* 50 mln euros impact from French “yellow vest” protests
* But Casino keeps overall financial targets (Adds detail and background)
By Dominique Vidalon
PARIS, Jan 17 (Reuters) - Supermarket retailer Casino , which is battling investor concerns over its high debt, said revenue growth slowed down slightly in the fourth quarter as anti-government protests in France impacted sales at its Geant hypermarkets.
Casino, which is shedding assets to help cut its debts and which recorded a robust sales performance in its second-largest market of Brazil, nevertheless expected to meet its 2018 profit goals for France, and overall group and debt reduction goals.
The French “yellow vest” anti-government protests cost Casino about 50 million euros ($57 million) in lost revenue, Finance Chief David Lubek told reporters.
Casino, which controls Brazil’s Grupo Pao de Acucar , said fourth-quarter sales reached 9.928 billion euros, above the 9.8 billion euros average in a consensus of 10 analysts’ forecasts compiled by the company.
Stripping out acquisitions, disposals, currency effects and fuel, group sales rose 5.1 percent year-on-year, a slight deceleration from 5.3 percent growth in the third quarter.
Fourth quarter figures reflected a weaker performance in France where the “yellow vest” protests resulted in blocked access to some stores, notably hypermarkets which make some 20 percent of Casino French sales.
Same-store sales at the Geant Casino hypermarkets arm in France were flat after rising 2.8 percent in the third quarter.

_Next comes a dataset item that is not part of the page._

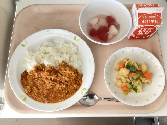 6月17日の給食 公開日 2025/06/17 更新日 2025/06/17 給食 【今日の献立】・ドライカレー・コロコロマカロニサラダ・あじさいゼリー・牛乳【使用した食材の主な産地】にんにく/茨城 しょうが/高知 たまねぎ/佐賀 にんじん/茨城 ピーマン/茨城 キャベツ/茨城 きゅうり/埼玉 りんご/長野 給食

The “yellow vests” (‘gilets jaunes’) movement - named after the fluorescent jackets all French motorists carry in their vehicles - started in mid-November as a protest against a fuel tax but has since grown into a broader backlash against the government.
Casino reports full-year earnings on March 14.
For 2018, Casino has forecast organic growth above 10 percent in consolidated profit, excluding tax credits, and organic growth also above 10 percent in French operating profits, excluding real estate activities.
Casino, which had its credit rating cut to junk by Standard & Poor’s in March 2016, said asset sales currently amounted to 1.1 billion euros, and that it could exceed its 1.5 billion euros goal for this, which it had earmarked for early 2019.
Casino shares fell 28 percent last year, partly on concerns over its balance sheet and parent group Rallye’s ability to refinance its debt.
The stock rose 2 percent on Jan 17, and is broadly flat since the start of 2019.